Content starts

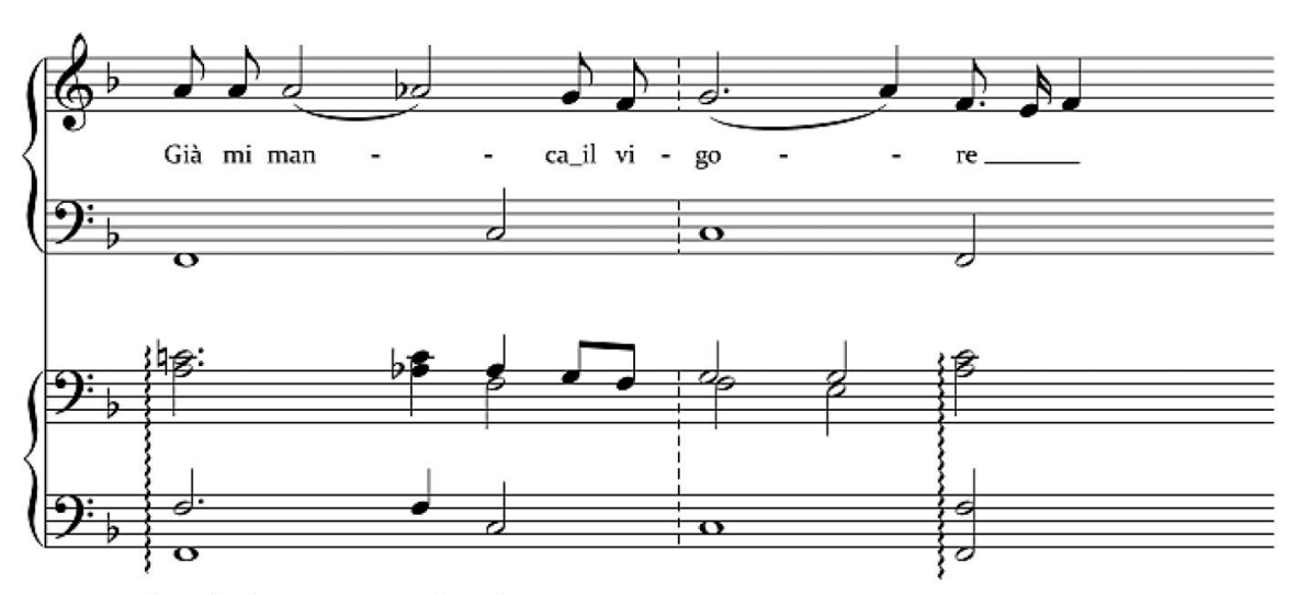
Ex. 4: Occhi soli d'amore, p. 4, fourth stave.
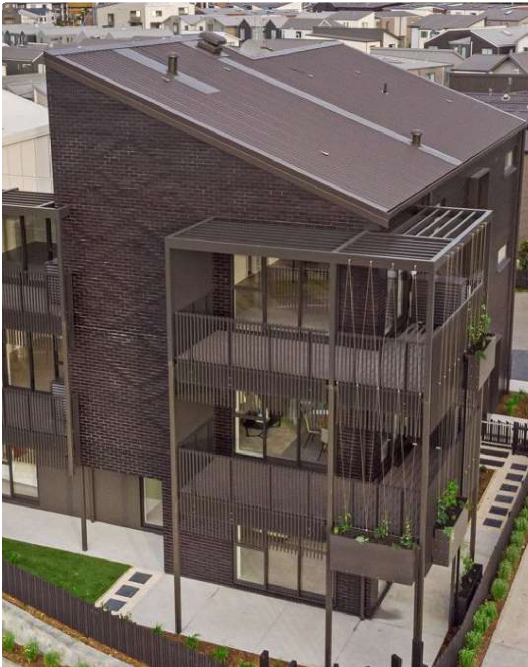
Project: Hobsonville TU4 Architect: Construkt Architects Builder: Fletcher Living

Aurae planter boxes enable you to integrate plants into your project's façade. Use our bracket systems to fix the planters to the building and use aluminium grating, stainless steel cable or fixed vertical fins to promote plant growth.
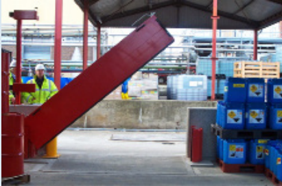
Gas-lift pivot barrier for vehicle access
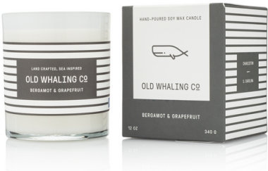
Bergamot & Grapefruit CAN002 Refreshing essential oil + fragrance oil blend of citrus.
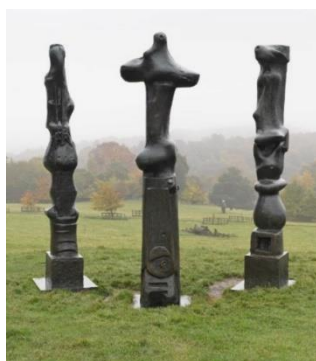
Figure 4. Henry Moore, Upright Motive, 1955–56, Bronze
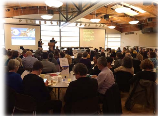
Housing and Aging
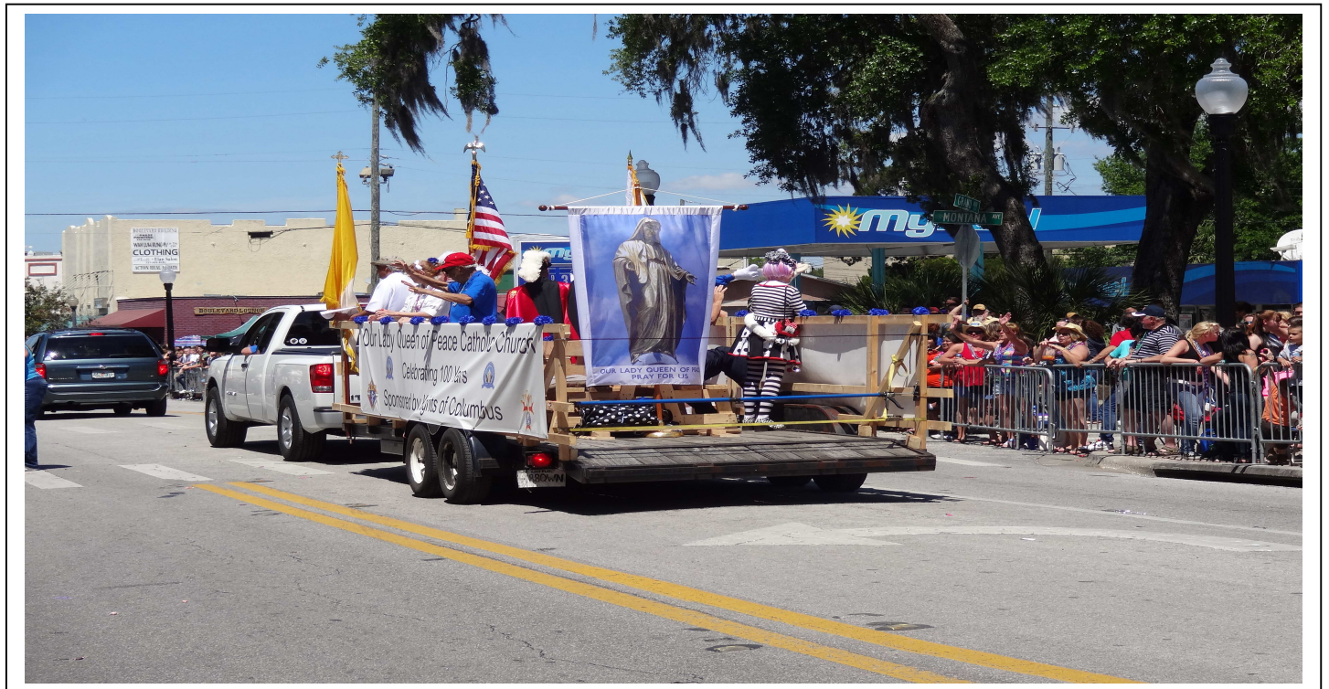
KofC Council 11680 and Fr. Powers Assembly 2882 Centennial Float in Chasco Fiesta Parade
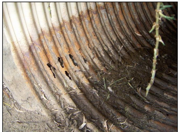
Fig 1: Perforations in the rusted invert of a corrugated metal culvert

Beneath every city in the world are sewer and stormwater pipelines reaching the end of their useful lives. But, as with road culverts, excavation and replacement is not feasible in built up city areas. But doing nothing is not an acceptable option.
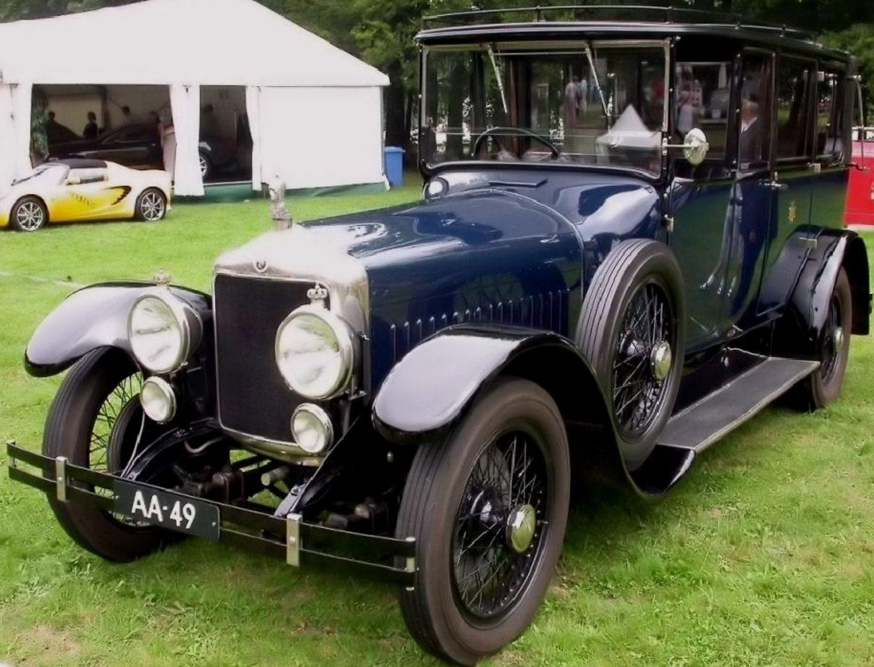
1925 Minerva Limousine Landaulette
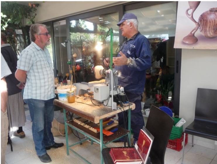
A lot of various items are for sale.
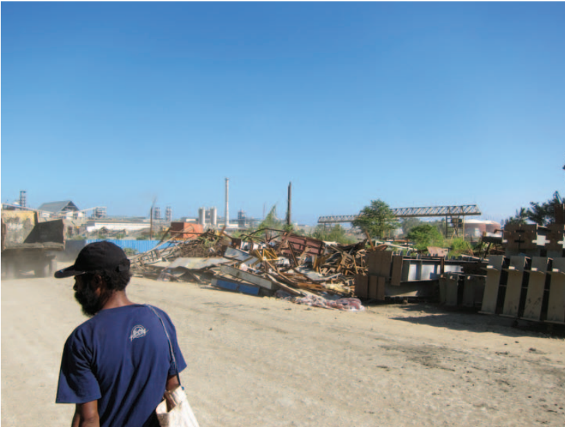
FIGURE 6. The road, dust, and debris at Basamuk, 2010.
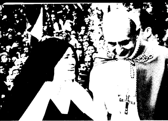
Above, Lucia (with whose help the Blue Army pledge was written) with Pope Paul VI at Fatima, May 13, 1967.

Fatima is of staggering importance. It is a supernatural intervention at a critical moment of history.
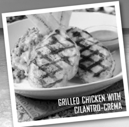
GRILLED CHICKEN WITH CILANTRO-CREMA

LIGHT, FRESH CUISINE IN A DELICIOUSLY LAID-BACK ATMOSPHERE.
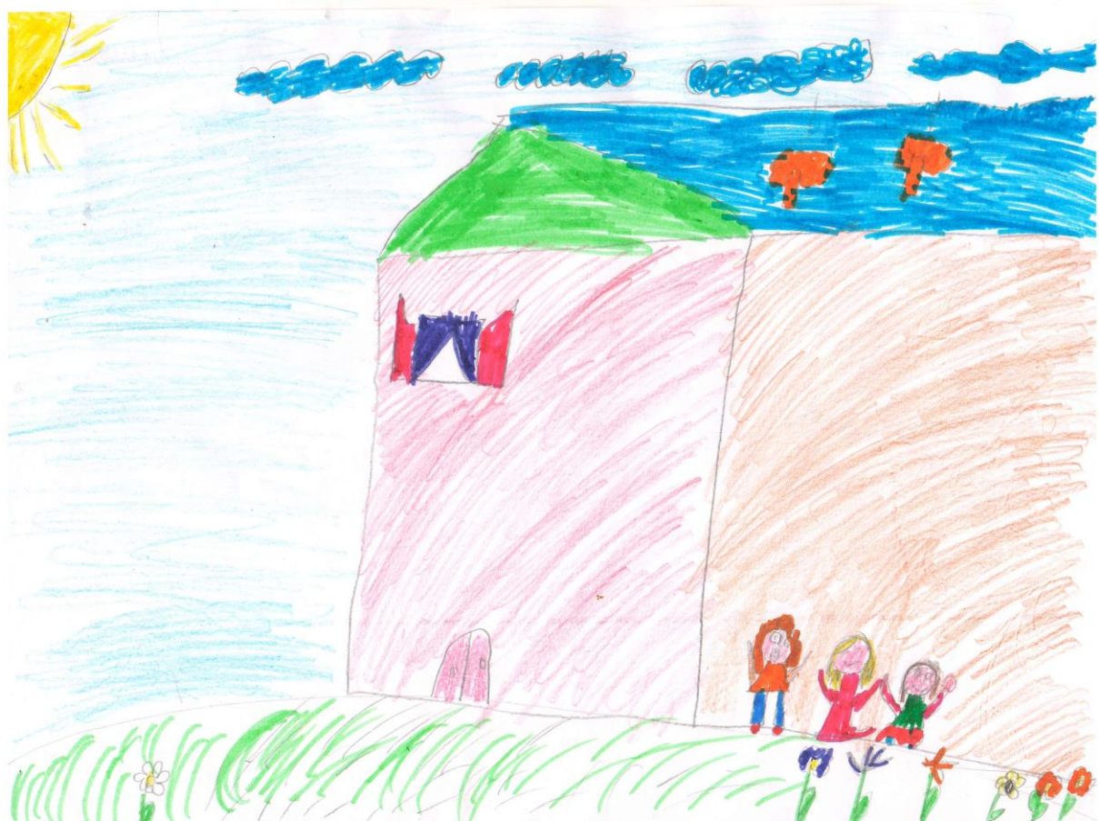
Name of artist unknown, child's drawing of a house, Belarus.

SOS CHILDREN'S VILLAGES A loving home for every child
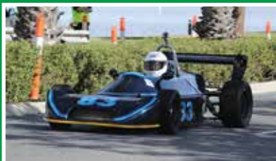
Where Do We Go From Here?
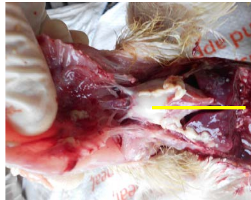
Fig. 5: Deposition of fibrin on the pericardial sac
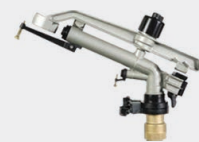
Hidra Part Circle
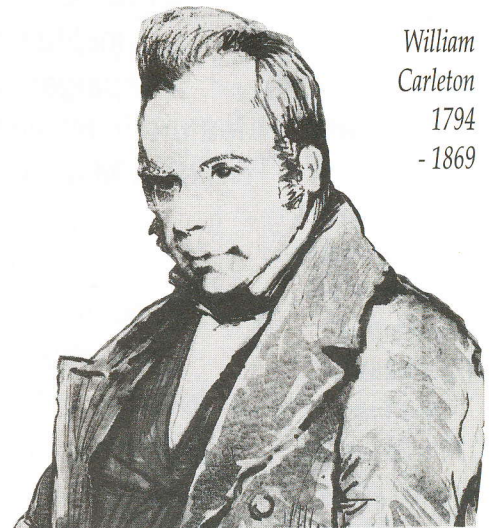
William Carleton 1794 - 1869
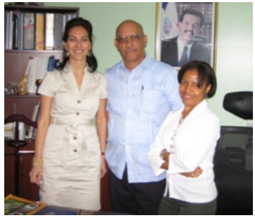
Meeting with Director of CODOPESCA
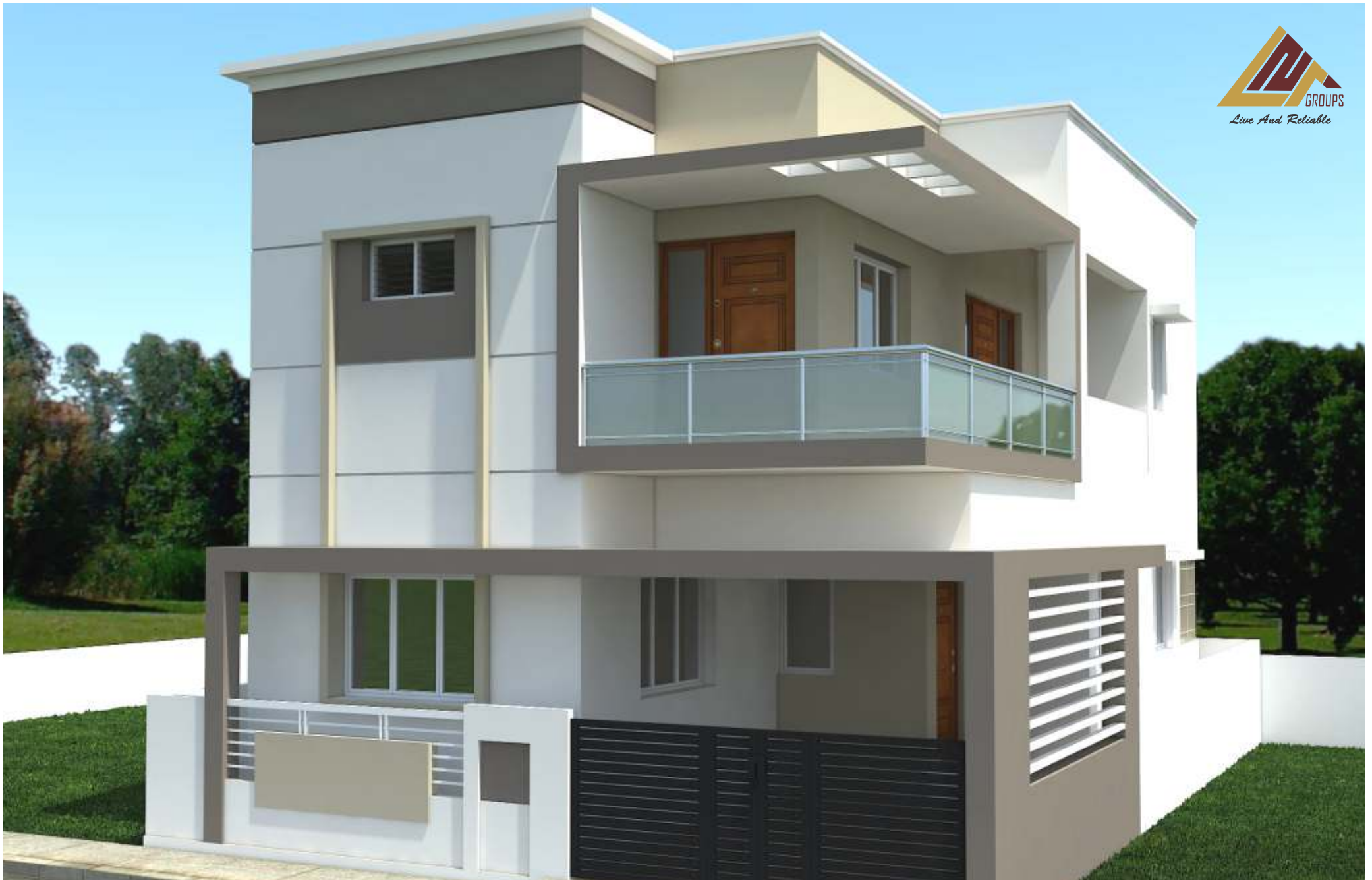
3 BHK Villa Elevation
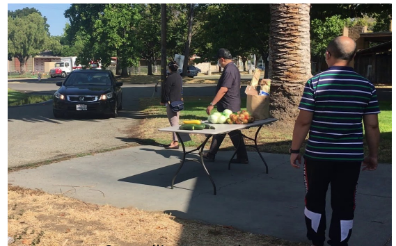
Car pulling up to the pantry

The first drive thru started on July 11, and food distribution has now grown to 20+ bags of groceries. We have pasta, sauce, bread, rice, canned beans, canned meat, fruit and vegetables. Thanks to cash donations from our members and the Presbytery of San Francisco, we have added one dozen eggs to each bag. Fresh produce from Farmington, our community garden, are a big hit! The Presbytery of San Francisco provided a $2K grant for purchase of additional protein that are bring added to the groceries distributed.
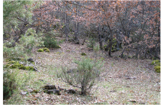
Figure 1. MSSG (Mixed Stands with Small Gaps). In the foreground of the photograph, a Greek juniper regeneration plant can be seen. The rest of the trees in the photograph are other tree species.

MSWG: Quercus pubescens , Acer monspessulanum , Quercus macedonica , Carpinus orientalis , Juniperus oxycedrus , Quercus cerris L. and Cornus mas .
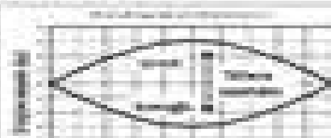
A standing wave

Two standing waves (the same wave) are shown. The first wave is a standing wave. The second wave is a standing wave. The first wave is a standing wave. The second wave is a standing wave.
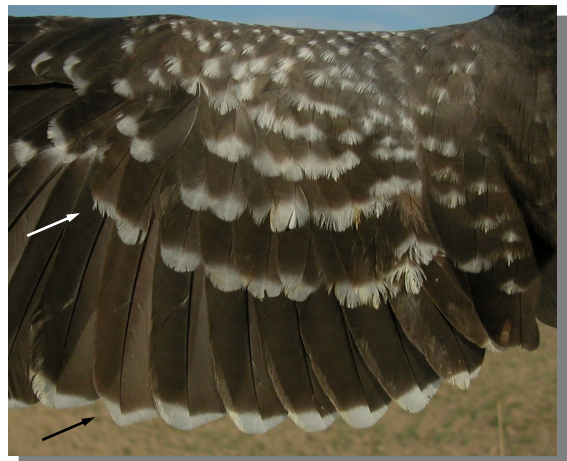
Great Spotted Cuckoo. Adult with retained feathers: pattern of secondaries and wing coverts (28-II)

Content ends

Return every line of the records exactly as given, pictures excluded.

Ex. 4: Occhi soli d'amore, p. 4, fourth stave.
Project: Hobsonville TU4 Architect: Construkt Architects Builder: Fletcher Living

Aurae planter boxes enable you to integrate plants into your project's façade. Use our bracket systems to fix the planters to the building and use aluminium grating, stainless steel cable or fixed vertical fins to promote plant growth.
Gas-lift pivot barrier for vehicle access
Bergamot & Grapefruit CAN002 Refreshing essential oil + fragrance oil blend of citrus.
Figure 4. Henry Moore, Upright Motive, 1955–56, Bronze
Housing and Aging
KofC Council 11680 and Fr. Powers Assembly 2882 Centennial Float in Chasco Fiesta Parade
Fig 1: Perforations in the rusted invert of a corrugated metal culvert

Beneath every city in the world are sewer and stormwater pipelines reaching the end of their useful lives. But, as with road culverts, excavation and replacement is not feasible in built up city areas. But doing nothing is not an acceptable option.
1925 Minerva Limousine Landaulette
A lot of various items are for sale.
FIGURE 6. The road, dust, and debris at Basamuk, 2010.
Above, Lucia (with whose help the Blue Army pledge was written) with Pope Paul VI at Fatima, May 13, 1967.

Fatima is of staggering importance. It is a supernatural intervention at a critical moment of history.
GRILLED CHICKEN WITH CILANTRO-CREMA

LIGHT, FRESH CUISINE IN A DELICIOUSLY LAID-BACK ATMOSPHERE.
Name of artist unknown, child's drawing of a house, Belarus.

SOS CHILDREN'S VILLAGES A loving home for every child
Where Do We Go From Here?
Fig. 5: Deposition of fibrin on the pericardial sac
Hidra Part Circle
William Carleton 1794 - 1869
Meeting with Director of CODOPESCA
3 BHK Villa Elevation
Car pulling up to the pantry

The first drive thru started on July 11, and food distribution has now grown to 20+ bags of groceries. We have pasta, sauce, bread, rice, canned beans, canned meat, fruit and vegetables. Thanks to cash donations from our members and the Presbytery of San Francisco, we have added one dozen eggs to each bag. Fresh produce from Farmington, our community garden, are a big hit! The Presbytery of San Francisco provided a $2K grant for purchase of additional protein that are bring added to the groceries distributed.
Figure 1. MSSG (Mixed Stands with Small Gaps). In the foreground of the photograph, a Greek juniper regeneration plant can be seen. The rest of the trees in the photograph are other tree species.

MSWG: Quercus pubescens , Acer monspessulanum , Quercus macedonica , Carpinus orientalis , Juniperus oxycedrus , Quercus cerris L. and Cornus mas .
A standing wave

Two standing waves (the same wave) are shown. The first wave is a standing wave. The second wave is a standing wave. The first wave is a standing wave. The second wave is a standing wave.
Great Spotted Cuckoo. Adult with retained feathers: pattern of secondaries and wing coverts (28-II)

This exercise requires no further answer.